▸ **Brief**
Exactly those lines from the one with "Elephants And Donkeys" through the end of the listing below must be returned, and nothing else.

-*-

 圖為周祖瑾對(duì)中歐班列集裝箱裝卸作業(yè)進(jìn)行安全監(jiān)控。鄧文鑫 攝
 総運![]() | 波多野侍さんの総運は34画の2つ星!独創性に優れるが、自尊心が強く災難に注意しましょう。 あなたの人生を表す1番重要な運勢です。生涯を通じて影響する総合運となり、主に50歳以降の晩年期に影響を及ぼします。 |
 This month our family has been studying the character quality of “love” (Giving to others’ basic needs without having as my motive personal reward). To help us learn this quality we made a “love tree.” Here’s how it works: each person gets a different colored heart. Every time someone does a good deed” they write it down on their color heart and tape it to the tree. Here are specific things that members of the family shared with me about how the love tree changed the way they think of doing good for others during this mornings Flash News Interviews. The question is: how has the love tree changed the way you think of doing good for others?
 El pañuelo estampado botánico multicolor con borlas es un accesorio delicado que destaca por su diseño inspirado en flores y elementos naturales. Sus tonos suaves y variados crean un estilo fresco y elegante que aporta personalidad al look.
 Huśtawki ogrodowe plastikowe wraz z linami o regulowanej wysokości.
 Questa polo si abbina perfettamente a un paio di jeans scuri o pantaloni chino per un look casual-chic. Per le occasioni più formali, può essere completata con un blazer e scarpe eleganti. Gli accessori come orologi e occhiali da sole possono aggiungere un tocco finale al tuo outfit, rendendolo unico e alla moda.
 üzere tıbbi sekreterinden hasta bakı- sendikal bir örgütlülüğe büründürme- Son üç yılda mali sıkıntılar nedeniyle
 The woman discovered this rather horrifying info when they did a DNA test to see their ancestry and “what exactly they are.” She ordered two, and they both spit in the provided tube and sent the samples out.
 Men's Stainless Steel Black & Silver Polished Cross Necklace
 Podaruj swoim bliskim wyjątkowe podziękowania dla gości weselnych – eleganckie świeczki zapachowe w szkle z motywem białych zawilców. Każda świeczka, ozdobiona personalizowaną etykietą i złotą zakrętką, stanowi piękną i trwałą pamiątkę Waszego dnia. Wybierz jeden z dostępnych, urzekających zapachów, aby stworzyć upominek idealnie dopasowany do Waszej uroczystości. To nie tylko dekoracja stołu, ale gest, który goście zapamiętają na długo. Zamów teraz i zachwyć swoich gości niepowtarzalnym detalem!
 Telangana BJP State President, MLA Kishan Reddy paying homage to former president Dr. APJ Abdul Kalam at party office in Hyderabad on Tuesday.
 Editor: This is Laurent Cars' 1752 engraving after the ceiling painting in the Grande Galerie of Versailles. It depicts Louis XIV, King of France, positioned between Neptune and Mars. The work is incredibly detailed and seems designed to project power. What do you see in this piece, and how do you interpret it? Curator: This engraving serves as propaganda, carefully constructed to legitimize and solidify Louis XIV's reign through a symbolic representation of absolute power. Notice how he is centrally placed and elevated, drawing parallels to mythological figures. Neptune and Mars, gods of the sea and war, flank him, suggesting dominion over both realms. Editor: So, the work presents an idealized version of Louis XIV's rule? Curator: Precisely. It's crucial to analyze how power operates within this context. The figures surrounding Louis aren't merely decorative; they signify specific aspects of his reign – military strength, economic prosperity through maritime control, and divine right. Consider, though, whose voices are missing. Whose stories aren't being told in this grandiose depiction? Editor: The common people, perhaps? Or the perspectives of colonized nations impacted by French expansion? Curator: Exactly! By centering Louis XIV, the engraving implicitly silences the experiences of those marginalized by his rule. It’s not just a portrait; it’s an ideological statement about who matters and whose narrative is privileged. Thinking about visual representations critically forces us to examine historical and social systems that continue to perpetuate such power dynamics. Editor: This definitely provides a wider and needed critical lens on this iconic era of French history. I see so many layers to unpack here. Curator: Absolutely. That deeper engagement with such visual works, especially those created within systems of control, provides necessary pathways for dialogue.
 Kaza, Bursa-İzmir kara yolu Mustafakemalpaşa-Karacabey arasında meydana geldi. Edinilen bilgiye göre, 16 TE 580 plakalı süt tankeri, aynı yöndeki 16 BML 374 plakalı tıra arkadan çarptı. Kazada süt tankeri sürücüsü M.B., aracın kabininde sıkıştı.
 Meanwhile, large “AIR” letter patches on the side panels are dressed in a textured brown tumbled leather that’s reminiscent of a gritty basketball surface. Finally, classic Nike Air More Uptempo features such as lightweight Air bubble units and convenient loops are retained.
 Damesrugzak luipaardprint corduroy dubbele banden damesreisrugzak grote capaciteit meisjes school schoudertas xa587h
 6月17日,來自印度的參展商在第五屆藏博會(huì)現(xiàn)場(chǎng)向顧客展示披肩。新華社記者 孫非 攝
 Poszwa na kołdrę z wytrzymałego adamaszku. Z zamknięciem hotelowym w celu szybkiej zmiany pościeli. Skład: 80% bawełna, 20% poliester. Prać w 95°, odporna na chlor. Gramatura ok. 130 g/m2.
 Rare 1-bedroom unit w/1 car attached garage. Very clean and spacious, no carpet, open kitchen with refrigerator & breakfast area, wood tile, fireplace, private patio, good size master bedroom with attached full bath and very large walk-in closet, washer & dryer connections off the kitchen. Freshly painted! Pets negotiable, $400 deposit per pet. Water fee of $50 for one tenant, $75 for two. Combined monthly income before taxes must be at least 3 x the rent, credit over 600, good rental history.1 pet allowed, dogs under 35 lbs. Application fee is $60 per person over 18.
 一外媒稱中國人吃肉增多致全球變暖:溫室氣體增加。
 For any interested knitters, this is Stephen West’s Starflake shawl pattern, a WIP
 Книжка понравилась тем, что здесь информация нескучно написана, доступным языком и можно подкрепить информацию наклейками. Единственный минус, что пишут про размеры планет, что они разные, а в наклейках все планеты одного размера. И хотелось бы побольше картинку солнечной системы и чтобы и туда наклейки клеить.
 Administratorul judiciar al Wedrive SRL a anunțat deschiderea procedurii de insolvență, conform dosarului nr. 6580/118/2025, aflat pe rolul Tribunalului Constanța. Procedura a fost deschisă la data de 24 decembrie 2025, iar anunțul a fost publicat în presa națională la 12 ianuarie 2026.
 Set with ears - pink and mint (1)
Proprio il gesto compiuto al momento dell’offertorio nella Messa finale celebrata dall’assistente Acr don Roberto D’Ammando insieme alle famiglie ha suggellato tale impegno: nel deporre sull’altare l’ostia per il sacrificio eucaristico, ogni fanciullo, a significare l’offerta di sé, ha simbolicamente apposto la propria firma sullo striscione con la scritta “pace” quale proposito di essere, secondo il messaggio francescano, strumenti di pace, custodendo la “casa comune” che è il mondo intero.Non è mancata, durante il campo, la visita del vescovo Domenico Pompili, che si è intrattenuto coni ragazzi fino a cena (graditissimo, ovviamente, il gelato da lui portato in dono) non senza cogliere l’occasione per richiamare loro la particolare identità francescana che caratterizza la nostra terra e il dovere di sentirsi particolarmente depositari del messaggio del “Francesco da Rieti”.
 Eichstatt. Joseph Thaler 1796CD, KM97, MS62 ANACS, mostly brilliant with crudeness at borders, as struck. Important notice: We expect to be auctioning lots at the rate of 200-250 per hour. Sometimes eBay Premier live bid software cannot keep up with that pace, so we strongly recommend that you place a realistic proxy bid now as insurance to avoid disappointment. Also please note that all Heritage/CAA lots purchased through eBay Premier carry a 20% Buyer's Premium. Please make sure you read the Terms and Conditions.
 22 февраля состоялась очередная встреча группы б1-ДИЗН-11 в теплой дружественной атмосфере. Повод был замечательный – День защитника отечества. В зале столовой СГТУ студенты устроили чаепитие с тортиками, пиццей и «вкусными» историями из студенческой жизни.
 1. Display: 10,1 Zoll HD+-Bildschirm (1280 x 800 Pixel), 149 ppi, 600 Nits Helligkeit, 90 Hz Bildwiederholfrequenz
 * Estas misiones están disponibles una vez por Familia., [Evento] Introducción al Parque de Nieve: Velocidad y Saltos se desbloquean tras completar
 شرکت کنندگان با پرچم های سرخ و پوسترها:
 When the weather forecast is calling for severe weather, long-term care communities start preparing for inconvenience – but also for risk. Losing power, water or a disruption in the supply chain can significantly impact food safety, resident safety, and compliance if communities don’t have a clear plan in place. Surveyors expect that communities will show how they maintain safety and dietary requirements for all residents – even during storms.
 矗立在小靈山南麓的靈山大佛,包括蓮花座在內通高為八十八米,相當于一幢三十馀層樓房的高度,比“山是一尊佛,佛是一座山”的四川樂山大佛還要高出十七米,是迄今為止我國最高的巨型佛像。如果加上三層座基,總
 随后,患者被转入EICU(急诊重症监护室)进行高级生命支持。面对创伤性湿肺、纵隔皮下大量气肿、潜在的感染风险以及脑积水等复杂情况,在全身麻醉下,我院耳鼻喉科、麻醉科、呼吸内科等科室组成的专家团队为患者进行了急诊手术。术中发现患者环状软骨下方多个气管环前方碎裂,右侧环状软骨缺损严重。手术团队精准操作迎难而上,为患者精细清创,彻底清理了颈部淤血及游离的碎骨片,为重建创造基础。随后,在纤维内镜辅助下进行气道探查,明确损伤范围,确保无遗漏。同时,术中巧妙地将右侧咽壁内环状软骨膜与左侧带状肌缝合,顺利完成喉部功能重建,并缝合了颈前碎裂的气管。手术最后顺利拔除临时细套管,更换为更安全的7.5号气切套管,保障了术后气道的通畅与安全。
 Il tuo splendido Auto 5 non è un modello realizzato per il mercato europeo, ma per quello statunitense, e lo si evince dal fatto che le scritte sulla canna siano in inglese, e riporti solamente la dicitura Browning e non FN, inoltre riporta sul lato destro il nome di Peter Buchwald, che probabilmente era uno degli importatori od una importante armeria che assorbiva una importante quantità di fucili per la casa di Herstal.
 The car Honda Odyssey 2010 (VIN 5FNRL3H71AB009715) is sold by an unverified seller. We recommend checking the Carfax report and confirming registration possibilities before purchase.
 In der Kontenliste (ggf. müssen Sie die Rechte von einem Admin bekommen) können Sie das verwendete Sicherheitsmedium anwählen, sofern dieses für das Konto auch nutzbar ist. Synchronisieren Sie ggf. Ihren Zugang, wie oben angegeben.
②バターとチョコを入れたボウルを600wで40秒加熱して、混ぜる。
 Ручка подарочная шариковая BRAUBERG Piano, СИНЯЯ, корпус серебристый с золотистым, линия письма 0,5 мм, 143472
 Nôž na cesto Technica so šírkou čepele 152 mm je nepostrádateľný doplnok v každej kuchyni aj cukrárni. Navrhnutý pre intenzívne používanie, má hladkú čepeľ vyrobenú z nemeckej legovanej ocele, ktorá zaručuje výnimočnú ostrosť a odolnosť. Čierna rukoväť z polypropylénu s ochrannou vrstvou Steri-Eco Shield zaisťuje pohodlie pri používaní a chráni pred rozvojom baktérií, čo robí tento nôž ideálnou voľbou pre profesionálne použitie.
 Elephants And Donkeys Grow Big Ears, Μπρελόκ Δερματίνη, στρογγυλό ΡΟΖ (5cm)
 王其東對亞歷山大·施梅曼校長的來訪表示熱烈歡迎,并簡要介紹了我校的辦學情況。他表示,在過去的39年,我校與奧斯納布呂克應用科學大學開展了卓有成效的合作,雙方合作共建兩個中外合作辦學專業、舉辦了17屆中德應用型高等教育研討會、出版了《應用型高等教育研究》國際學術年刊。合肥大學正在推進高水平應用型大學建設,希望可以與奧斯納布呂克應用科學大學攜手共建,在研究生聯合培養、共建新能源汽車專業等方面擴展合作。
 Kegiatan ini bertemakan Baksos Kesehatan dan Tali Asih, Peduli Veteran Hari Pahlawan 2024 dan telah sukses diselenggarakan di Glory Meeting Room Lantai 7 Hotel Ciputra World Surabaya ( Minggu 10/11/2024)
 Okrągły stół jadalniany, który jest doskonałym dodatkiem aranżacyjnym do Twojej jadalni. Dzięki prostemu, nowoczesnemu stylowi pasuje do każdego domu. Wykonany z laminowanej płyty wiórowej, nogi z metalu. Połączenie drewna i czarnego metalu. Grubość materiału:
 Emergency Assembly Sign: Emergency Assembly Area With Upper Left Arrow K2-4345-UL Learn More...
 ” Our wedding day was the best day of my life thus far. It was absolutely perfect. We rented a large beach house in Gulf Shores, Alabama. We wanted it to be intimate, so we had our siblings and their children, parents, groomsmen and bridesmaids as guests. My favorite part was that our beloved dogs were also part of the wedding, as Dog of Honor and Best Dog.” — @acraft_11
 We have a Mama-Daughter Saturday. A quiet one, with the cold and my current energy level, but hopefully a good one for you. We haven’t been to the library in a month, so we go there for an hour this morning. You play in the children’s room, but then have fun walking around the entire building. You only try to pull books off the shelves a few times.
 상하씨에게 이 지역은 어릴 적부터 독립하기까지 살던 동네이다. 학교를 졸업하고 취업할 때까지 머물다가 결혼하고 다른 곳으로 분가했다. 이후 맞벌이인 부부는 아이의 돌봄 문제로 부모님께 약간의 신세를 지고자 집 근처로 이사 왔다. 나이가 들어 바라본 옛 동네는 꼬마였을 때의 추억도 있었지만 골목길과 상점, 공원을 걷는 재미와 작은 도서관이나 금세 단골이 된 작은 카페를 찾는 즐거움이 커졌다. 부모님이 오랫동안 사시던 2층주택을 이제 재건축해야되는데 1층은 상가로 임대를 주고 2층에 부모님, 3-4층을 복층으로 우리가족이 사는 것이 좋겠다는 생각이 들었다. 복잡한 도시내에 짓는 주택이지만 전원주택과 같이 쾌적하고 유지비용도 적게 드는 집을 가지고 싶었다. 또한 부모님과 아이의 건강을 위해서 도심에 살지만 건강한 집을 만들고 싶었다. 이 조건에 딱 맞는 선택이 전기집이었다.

-*-

▸ **Worked solution**
 Elephants And Donkeys Grow Big Ears, Μπρελόκ Δερματίνη, στρογγυλό ΡΟΖ (5cm)
 王其東對亞歷山大·施梅曼校長的來訪表示熱烈歡迎,并簡要介紹了我校的辦學情況。他表示,在過去的39年,我校與奧斯納布呂克應用科學大學開展了卓有成效的合作,雙方合作共建兩個中外合作辦學專業、舉辦了17屆中德應用型高等教育研討會、出版了《應用型高等教育研究》國際學術年刊。合肥大學正在推進高水平應用型大學建設,希望可以與奧斯納布呂克應用科學大學攜手共建,在研究生聯合培養、共建新能源汽車專業等方面擴展合作。
 Kegiatan ini bertemakan Baksos Kesehatan dan Tali Asih, Peduli Veteran Hari Pahlawan 2024 dan telah sukses diselenggarakan di Glory Meeting Room Lantai 7 Hotel Ciputra World Surabaya ( Minggu 10/11/2024)
 Okrągły stół jadalniany, który jest doskonałym dodatkiem aranżacyjnym do Twojej jadalni. Dzięki prostemu, nowoczesnemu stylowi pasuje do każdego domu. Wykonany z laminowanej płyty wiórowej, nogi z metalu. Połączenie drewna i czarnego metalu. Grubość materiału:
 Emergency Assembly Sign: Emergency Assembly Area With Upper Left Arrow K2-4345-UL Learn More...
 ” Our wedding day was the best day of my life thus far. It was absolutely perfect. We rented a large beach house in Gulf Shores, Alabama. We wanted it to be intimate, so we had our siblings and their children, parents, groomsmen and bridesmaids as guests. My favorite part was that our beloved dogs were also part of the wedding, as Dog of Honor and Best Dog.” — @acraft_11
 We have a Mama-Daughter Saturday. A quiet one, with the cold and my current energy level, but hopefully a good one for you. We haven’t been to the library in a month, so we go there for an hour this morning. You play in the children’s room, but then have fun walking around the entire building. You only try to pull books off the shelves a few times.
 상하씨에게 이 지역은 어릴 적부터 독립하기까지 살던 동네이다. 학교를 졸업하고 취업할 때까지 머물다가 결혼하고 다른 곳으로 분가했다. 이후 맞벌이인 부부는 아이의 돌봄 문제로 부모님께 약간의 신세를 지고자 집 근처로 이사 왔다. 나이가 들어 바라본 옛 동네는 꼬마였을 때의 추억도 있었지만 골목길과 상점, 공원을 걷는 재미와 작은 도서관이나 금세 단골이 된 작은 카페를 찾는 즐거움이 커졌다. 부모님이 오랫동안 사시던 2층주택을 이제 재건축해야되는데 1층은 상가로 임대를 주고 2층에 부모님, 3-4층을 복층으로 우리가족이 사는 것이 좋겠다는 생각이 들었다. 복잡한 도시내에 짓는 주택이지만 전원주택과 같이 쾌적하고 유지비용도 적게 드는 집을 가지고 싶었다. 또한 부모님과 아이의 건강을 위해서 도심에 살지만 건강한 집을 만들고 싶었다. 이 조건에 딱 맞는 선택이 전기집이었다.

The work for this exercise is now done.